図1 IT投資Trend Indexの経年変化と前年度経済成長率
図1
出典:ガートナー(ITデマンド・リサーチ)、1999〜2008年度の経済成長率は2009年12月時点の内閣府データ (2009年度は政府見通し)、2010年度は主要エコノミスト平均値 (2009年9月)
 

推奨事項

  • ユーザー企業は、ITコスト削減の機会を引き続き見つける努力をすると同時に、景気回復期に向けて、業務コスト削減と競争優位獲得のためのIT投資計画を立て、景気回復と同時に先行的に投資できるよう準備する。

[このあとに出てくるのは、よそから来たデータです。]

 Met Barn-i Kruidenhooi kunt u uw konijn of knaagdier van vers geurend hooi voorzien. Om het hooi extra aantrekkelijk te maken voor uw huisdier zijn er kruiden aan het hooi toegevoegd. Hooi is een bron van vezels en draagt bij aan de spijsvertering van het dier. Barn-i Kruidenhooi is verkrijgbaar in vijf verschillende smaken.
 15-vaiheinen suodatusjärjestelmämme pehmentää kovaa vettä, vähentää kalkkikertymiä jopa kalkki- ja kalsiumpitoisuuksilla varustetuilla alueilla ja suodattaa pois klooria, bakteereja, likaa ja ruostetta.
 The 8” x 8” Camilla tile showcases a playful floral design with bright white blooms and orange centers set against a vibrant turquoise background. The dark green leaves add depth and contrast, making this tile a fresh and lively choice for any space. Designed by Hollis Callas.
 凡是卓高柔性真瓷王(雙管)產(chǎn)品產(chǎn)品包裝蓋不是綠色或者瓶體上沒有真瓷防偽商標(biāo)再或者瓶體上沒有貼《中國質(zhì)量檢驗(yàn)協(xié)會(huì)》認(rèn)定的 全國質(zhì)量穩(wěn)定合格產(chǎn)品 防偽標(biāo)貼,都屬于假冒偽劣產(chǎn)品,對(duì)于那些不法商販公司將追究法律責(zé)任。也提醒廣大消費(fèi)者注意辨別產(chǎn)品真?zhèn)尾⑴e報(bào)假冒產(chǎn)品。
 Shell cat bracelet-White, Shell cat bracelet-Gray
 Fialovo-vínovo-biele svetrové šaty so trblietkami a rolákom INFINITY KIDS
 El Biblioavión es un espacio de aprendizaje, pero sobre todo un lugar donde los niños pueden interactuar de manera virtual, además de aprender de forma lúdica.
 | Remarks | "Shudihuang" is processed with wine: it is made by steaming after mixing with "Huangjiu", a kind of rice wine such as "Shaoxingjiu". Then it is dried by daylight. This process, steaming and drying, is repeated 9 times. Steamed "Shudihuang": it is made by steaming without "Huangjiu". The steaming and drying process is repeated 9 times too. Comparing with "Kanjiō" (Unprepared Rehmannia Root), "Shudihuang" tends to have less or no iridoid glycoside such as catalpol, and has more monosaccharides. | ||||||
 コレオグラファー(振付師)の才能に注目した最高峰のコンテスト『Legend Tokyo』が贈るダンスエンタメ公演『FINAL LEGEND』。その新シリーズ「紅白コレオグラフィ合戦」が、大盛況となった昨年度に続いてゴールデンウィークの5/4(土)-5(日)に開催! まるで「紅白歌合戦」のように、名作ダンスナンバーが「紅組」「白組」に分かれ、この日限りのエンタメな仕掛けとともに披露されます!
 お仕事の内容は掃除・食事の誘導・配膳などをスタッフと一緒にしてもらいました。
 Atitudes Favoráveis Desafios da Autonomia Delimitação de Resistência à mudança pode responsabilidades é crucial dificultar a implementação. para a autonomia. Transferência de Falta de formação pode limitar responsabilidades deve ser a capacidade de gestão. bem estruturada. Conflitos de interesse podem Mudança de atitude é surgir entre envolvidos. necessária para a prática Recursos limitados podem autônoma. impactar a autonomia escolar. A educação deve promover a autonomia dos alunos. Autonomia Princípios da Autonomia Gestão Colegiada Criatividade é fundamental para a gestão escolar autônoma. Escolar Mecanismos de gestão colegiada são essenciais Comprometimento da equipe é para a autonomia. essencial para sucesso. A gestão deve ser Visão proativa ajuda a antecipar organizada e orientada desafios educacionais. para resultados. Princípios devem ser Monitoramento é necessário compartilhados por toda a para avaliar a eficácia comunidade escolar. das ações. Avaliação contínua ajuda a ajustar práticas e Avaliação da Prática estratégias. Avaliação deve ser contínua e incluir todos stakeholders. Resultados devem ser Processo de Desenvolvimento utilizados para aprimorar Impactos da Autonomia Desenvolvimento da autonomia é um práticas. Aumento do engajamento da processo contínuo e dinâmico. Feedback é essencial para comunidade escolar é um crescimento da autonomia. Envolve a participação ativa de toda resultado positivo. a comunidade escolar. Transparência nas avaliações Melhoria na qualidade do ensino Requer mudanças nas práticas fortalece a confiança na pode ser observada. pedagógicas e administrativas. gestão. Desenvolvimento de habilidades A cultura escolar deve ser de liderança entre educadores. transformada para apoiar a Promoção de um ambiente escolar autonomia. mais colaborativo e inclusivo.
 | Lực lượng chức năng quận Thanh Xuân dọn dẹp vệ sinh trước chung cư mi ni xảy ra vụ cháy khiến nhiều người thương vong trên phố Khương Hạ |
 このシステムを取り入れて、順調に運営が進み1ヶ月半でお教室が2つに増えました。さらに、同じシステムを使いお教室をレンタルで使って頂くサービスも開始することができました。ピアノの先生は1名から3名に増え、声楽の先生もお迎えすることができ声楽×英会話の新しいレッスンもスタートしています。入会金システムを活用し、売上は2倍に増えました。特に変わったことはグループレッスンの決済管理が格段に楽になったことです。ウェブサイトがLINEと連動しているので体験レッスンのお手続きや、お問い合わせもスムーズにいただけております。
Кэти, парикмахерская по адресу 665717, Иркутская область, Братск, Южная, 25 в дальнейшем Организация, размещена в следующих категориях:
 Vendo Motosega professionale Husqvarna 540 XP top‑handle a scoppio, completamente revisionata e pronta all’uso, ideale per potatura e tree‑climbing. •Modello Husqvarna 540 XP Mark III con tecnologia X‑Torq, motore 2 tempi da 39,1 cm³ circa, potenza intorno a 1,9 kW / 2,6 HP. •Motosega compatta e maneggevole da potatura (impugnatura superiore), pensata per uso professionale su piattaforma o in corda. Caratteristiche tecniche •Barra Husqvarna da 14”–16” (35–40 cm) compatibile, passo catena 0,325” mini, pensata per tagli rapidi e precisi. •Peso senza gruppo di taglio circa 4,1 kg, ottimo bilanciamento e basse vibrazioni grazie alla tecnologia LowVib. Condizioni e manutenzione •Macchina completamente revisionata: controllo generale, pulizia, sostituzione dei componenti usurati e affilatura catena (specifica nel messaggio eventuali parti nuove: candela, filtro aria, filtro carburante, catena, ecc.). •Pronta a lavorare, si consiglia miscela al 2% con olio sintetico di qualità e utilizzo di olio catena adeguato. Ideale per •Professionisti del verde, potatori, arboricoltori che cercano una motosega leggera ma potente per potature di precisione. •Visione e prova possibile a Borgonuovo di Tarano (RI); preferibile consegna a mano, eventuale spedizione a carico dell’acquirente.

その際、どのようなITソリューションが自社の競争力を高めることができるのかを見つけるために、第三者 (同業他社、ITベンダー、コンサルタント、リサーチ会社など) の視点を取り込むことも重要である。

  • ベンダーは、ユーザー企業の投資行動を踏まえて、特に競合ベンダーのユーザー企業に対してITコスト削減策を引き続き提示し、一方で優良顧客に対しては、業務コスト削減と競争優位獲得のためのIT投資計画にビジネス・パートナーとして参画する。IT予算総額 (市場規模) が縮小する中、勝ち残るには、自社の強みをさらに強化するような差別化戦略を取ると同時に、弱みを補うためのエコシステムも採用するなど、バランスの取れた戦略策定行うことが不可欠である。
     

備考1 IT投資Trend Index

 ユーザー企業のIT予算額の前年度比増減率を7つ (20%以上減、10〜19.9%減、0.1〜9.9%減、不変、0.1〜9.9%増、10〜19.9%増、20%以上増) に分類し、それぞれに重み (-3, -2, -1, 0, +1, +2, +3) を付け、加重平均を取った数値。

備考2 IT予算

 情報システム部門が把握できる範囲の年間のIT関連予算額を指し、ハードウェア (購入費、年間レンタル/リース料)、ソフトウェア (ライセンス料、年間レンタル/リース料)、ハードウェア/ソフトウェアの保守・サポート費、外部委託費 (開発、運用管理、ベンダーの常駐要員人件費など)、ネットワーク利用料、内部 (IT管理担当社員) 人件費などが対象となる。キャッシュが中心で、減価償却費は含まない。